Other Countries The Philippines

Report/Paper

Influencing Gender Norms

Gender norms Gender stereotypes gendered disinformation online gendered disinformation

Engendering Hate: The contours of state-aligned gendered disinformation online

Engendering Hate: The contours of state-aligned gendered disinformation online

This report outlines a new framework for understanding how disinformation is being used online to exclude women from public life, in the first major study into this threat to democracy. Online spaces are being systematically weaponised to exclude women leaders and to undermine the role of women in public life.

Attacks on women which use hateful language, rumour and gendered stereotypes combine personal attacks with political motivations, making online spaces dangerous places for women to speak out. And left unchecked, this phenomenon of gendered disinformation, spread by state and non-state actors, poses a serious threat to women’s equal political participation.

Through research, state-aligned gendered disinformation in two countries, Poland and the Philippines, was investigated through an analysis of Twitter data. The research found evidence of disinformation campaigns which attacked women and used gendered narratives to undermine women who oppose or criticise the state.

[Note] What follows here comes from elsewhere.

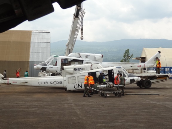 En el mes de agosto de 2012, la FAU ya había realizado en un C- 130 “Hércules” el traslado y puesta a punto en el Congo de un tercer helicóptero Bell 212, que a partir de entonces se sumó a los dos ya operativos desde el 2010 en la zona, habiendo solicitado oportunamente el gobierno uruguayo más unidades Bell 212 para ampliar su presencia internacional. Los vuelos a Bukavu se hacen con escalas en Recife, Ascensión y Kinshasha o viceversa. (Javier Bonilla)
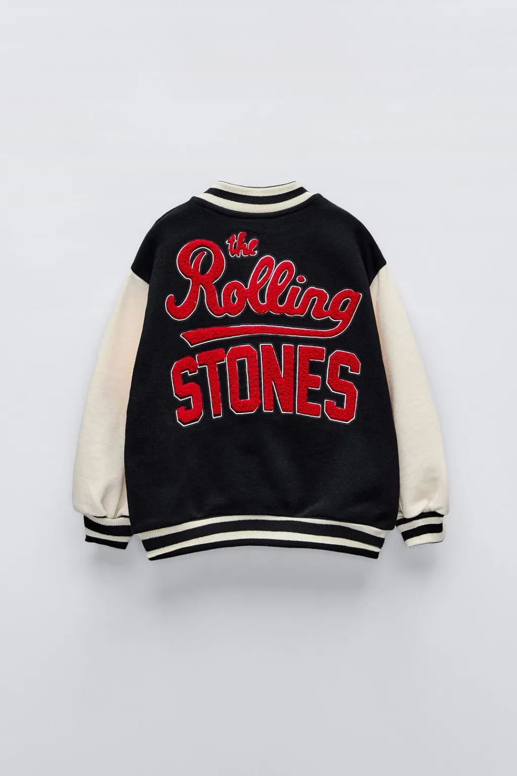Bomber con cuello redondo y manga larga a contraste. Acabados en rib.Cierre botones de tipo presión en delantero. Motivo bordado y estampado texto ROLLING STONES © en delantero y estampado texto con relieve de ROLLING STONES © en espalda.

For the first time, researchers identified core themes of gendered disinformation, and common strategies used by those engaged in it, finding that campaigns relied not just on false information, but used highly emotive content to try to undermine their targets politically.

The report found that gendered disinformation is parasitic on news events, existing rumours, and underlying social stereotypes, and can be extremely successful in reaching a broad audience to reshape public discourse in a way that harms women.

 

Key Findings

  • Gendered disinformation is being shared by state-aligned actors online – though it reaches much broader audiences.
  • The way in which gendered disinformation spreads across a network varies hugely according to context.
  • But the themes of gendered disinformation – the rules that it follows – are often broadly consistent.
  • Gendered disinformation is parasitic on news events, existing rumours, and underlying social stereotypes, and seeks to reshape the terms of political discourse in a way that harms women.
  • Gendered disinformation plays on existing tropes to try to convince people that women in public life, are one or more of: devious, stupid, overly sexual, in need of protection, or immoral: and so unfit for public life.
  • Attacks on women which use hateful language, rumour and gendered stereotypes combine personal attacks with political motivations, making online spaces dangerous places for women to speak out.’
  • Gendered disinformation is not just false information – it uses highly emotive and value-laden content to try to undermine its targets.
  • Gendered disinformation weaponises harassment against women in public life, and tries to make them afraid to talk back.
  • Women are speaking up: online counterspeech is being used by women in public life and their allies to fight back.
  • Gendered disinformation should not be overlooked in responses to general disinformation. Solutions in policy and practice must recognise that disinformation takes many forms, and can vary what it looks like and where it originates according to context.
  • Centralised automated solutions to gendered disinformation are likely to censor legitimate speech and overlook gendered disinformation. Input and oversight from local experts who understand the language and context in which disinformation occurs is vital.
  • Solutions should centre and learn from the experiences of women who are already working to challenge disinformation: the problem is a systemic one and targets of gendered disinformation should not be expected to fix it as individuals.

 

Contents

  • ACKNOWLEDGEMENTS
  • EXECUTIVE SUMMARY
  • FINDINGS AND RECOMMENDATIONS
  • INTRODUCTION
  • CHAPTER 1  UNDERSTANDING GENDERED DISINFORMATION
  • CHAPTER 2  BACKGROUND
  • CHAPTER 3  THE PLAYERS
  • CHAPTER 4  THE RULES OF THE GAME
  • CHAPTER 5  TALKING BACK AND SPEAKING UP
  • CHAPTER 6  THE GENDERED DISINFORMATION ECOSYSTEM
  • CHAPTER 7  CONCLUSIONS
  • CHAPTER 8  RECLAIMING THE GAME

Authors: Ellen Judson, Asli Atay, Alex Krasodomski-Jones, Rose Lasko-Skinner, Josh Smith

 

This report was originally published on the Demos website.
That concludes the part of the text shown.